Le Trésor américain et le FMI prônent une libéralisation rapide des marchés financiers, au
risque de déséquilibrer les économies nationales, mais ce qui fournit un avantage certain aux
firmes américaines. Elles ont tout intérêt à voir s’ouvrir de nouveaux marchés.
Dans les accords internationaux, les Etats-Unis prônent une politique de libéralisation, et c’est
le succès des années 1990 avec la fin de l’Urugway Round et la création de l’Organisation
Mondiale du Commerce. Mais ce n’est pas pour autant qu’ils cessent les subventions de leurs
firmes, dans une véritable « aide sociale aux entreprises », et des barrières à l’entrée des
marchandises aux Etats-Unis subsistent.
Aujourd’hui, les flux de capitaux vont encore des pays pauvres vers les pays riches, et
le déficit américain (tant stigmatisé par les institutions internationales lorsqu’il se produit dans
les PED) est financé par les PED, par le biais des Bons du Trésor. Le « Consensus de
Wasington » ou l’unilatéralisme américain pèse sur le monde en développement. L’auteur
préconise une « vision mondiale », où primeraient la justice et la solidarité humaine.
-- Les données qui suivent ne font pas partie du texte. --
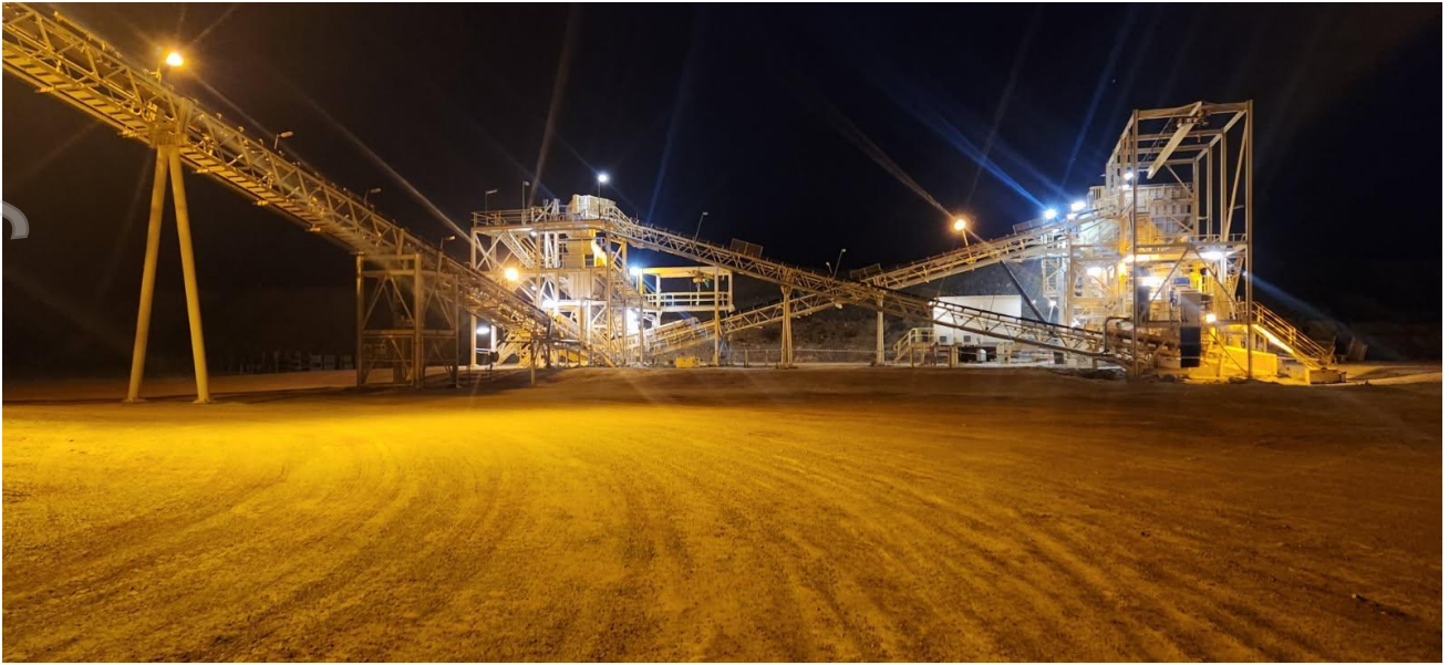
Figure 1: Process plant energised in advance of full commissioning in June 2025.

Stiglitz entend « déboulonner les mythes » : celui de l’efficacité de l’équilibre
budgétaire, du héros capitaliste américain, du marché autorégulateur panacée de la prospérité,
bref du capitalisme américain des années 1990 comme seule modèle de prospérité. Alors que
l’urgence l’emporte sur les valeurs et le long terme, il est nécessaire de formuler un nouvel
idéal, plus pragmatique. Il y a une place pour un équilibre entre l’Etat et le marché, qui ne
peut être une fin, mais un moyen, qui, orienté par l’Etat, doit concrétiser des valeurs : la
justice sociale, la démocratie, la liberté, dans une perspective d’auto-détermination et d’action
collective. Démocratiser la mondialisation, c’est poser la question de des normes : elles ne
doivent pas entraîner le formatage ni restreindre la liberté des nations.